● **TASK INSTRUCTIONS**
The whole listing below should be printed again exactly, with no images.

● **SUPPLIED RECORDS**
- Opening Delimiter -

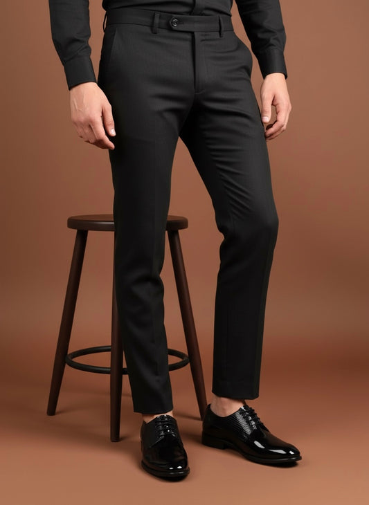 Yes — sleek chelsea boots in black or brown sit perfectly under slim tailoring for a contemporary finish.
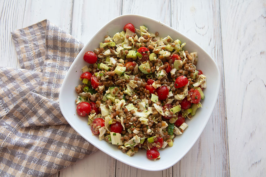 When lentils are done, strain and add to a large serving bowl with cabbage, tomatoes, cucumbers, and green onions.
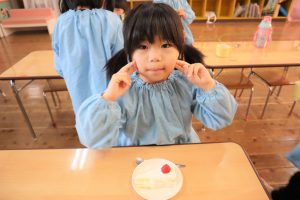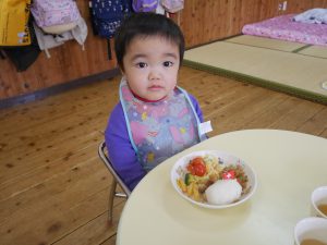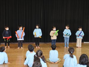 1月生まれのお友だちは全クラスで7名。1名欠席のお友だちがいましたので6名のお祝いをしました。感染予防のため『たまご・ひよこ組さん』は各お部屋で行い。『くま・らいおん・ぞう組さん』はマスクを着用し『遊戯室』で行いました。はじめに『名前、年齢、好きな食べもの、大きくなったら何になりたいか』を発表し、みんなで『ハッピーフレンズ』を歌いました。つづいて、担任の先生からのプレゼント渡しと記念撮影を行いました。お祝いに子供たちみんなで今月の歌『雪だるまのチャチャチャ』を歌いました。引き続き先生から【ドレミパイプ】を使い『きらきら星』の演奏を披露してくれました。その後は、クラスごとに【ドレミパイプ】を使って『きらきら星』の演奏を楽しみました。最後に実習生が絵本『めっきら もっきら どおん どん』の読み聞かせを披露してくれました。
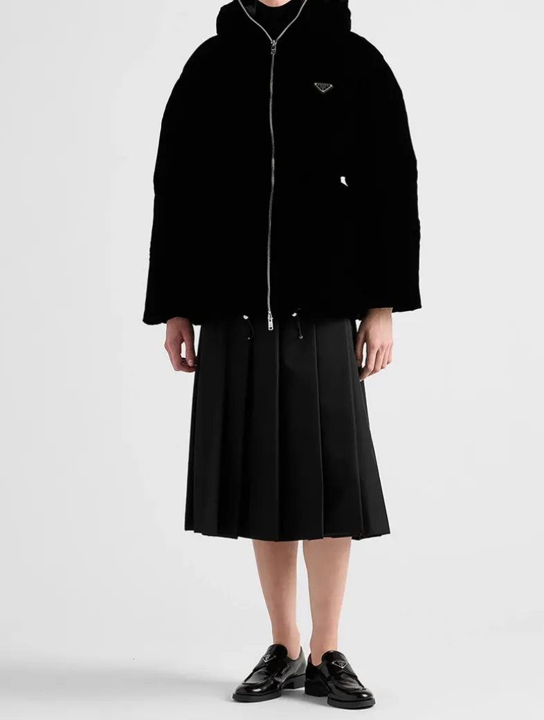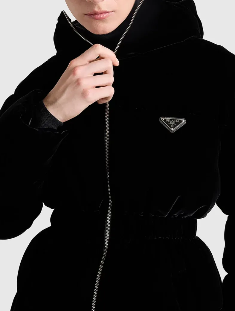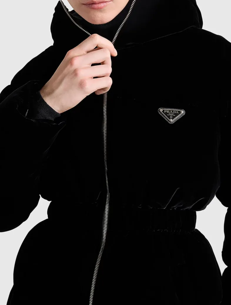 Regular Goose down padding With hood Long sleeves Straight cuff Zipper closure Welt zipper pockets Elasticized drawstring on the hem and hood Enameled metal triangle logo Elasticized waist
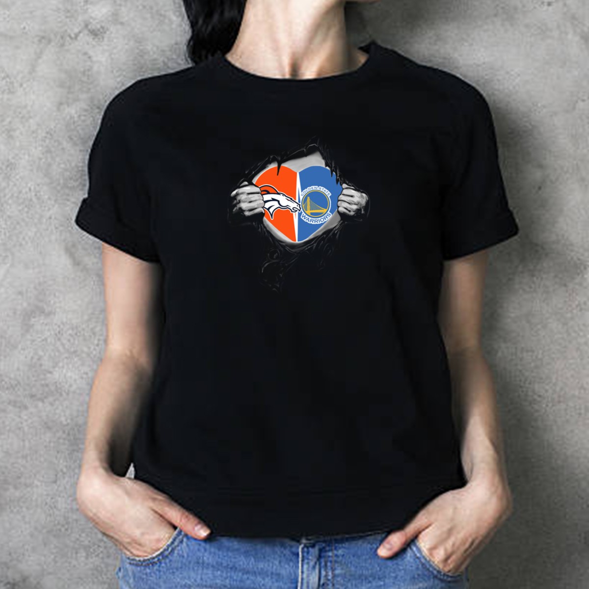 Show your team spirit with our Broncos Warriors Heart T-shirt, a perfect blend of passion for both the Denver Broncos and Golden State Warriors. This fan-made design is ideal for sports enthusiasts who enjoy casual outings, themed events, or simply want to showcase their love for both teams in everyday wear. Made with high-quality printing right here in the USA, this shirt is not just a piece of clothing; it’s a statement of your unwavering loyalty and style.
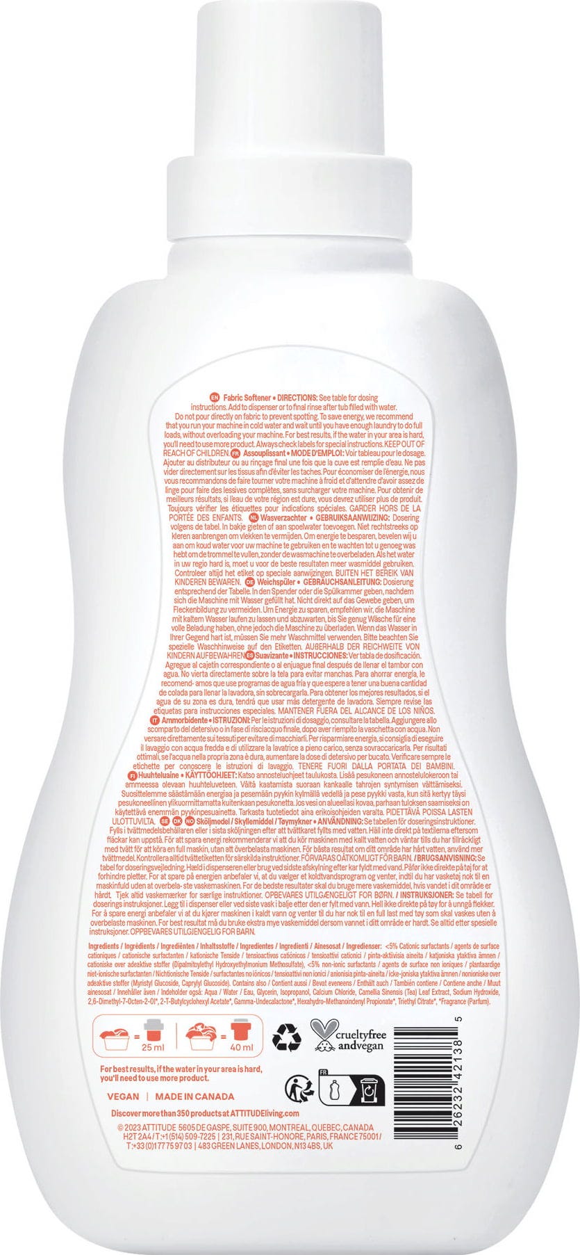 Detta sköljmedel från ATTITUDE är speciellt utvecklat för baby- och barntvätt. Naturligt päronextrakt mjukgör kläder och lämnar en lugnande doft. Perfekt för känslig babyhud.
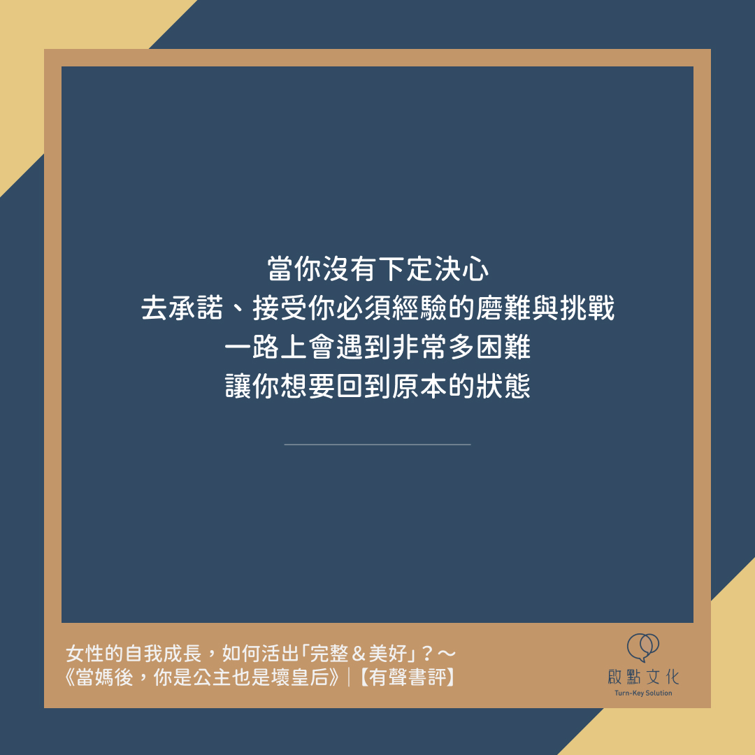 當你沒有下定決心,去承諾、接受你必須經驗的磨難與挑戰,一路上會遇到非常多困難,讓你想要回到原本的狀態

- Closing Delimiter -

● **EXERCISE ANSWER**
 Yes — sleek chelsea boots in black or brown sit perfectly under slim tailoring for a contemporary finish.
 When lentils are done, strain and add to a large serving bowl with cabbage, tomatoes, cucumbers, and green onions.
 1月生まれのお友だちは全クラスで7名。1名欠席のお友だちがいましたので6名のお祝いをしました。感染予防のため『たまご・ひよこ組さん』は各お部屋で行い。『くま・らいおん・ぞう組さん』はマスクを着用し『遊戯室』で行いました。はじめに『名前、年齢、好きな食べもの、大きくなったら何になりたいか』を発表し、みんなで『ハッピーフレンズ』を歌いました。つづいて、担任の先生からのプレゼント渡しと記念撮影を行いました。お祝いに子供たちみんなで今月の歌『雪だるまのチャチャチャ』を歌いました。引き続き先生から【ドレミパイプ】を使い『きらきら星』の演奏を披露してくれました。その後は、クラスごとに【ドレミパイプ】を使って『きらきら星』の演奏を楽しみました。最後に実習生が絵本『めっきら もっきら どおん どん』の読み聞かせを披露してくれました。
 Regular Goose down padding With hood Long sleeves Straight cuff Zipper closure Welt zipper pockets Elasticized drawstring on the hem and hood Enameled metal triangle logo Elasticized waist
 Show your team spirit with our Broncos Warriors Heart T-shirt, a perfect blend of passion for both the Denver Broncos and Golden State Warriors. This fan-made design is ideal for sports enthusiasts who enjoy casual outings, themed events, or simply want to showcase their love for both teams in everyday wear. Made with high-quality printing right here in the USA, this shirt is not just a piece of clothing; it’s a statement of your unwavering loyalty and style.
 Detta sköljmedel från ATTITUDE är speciellt utvecklat för baby- och barntvätt. Naturligt päronextrakt mjukgör kläder och lämnar en lugnande doft. Perfekt för känslig babyhud.
 當你沒有下定決心,去承諾、接受你必須經驗的磨難與挑戰,一路上會遇到非常多困難,讓你想要回到原本的狀態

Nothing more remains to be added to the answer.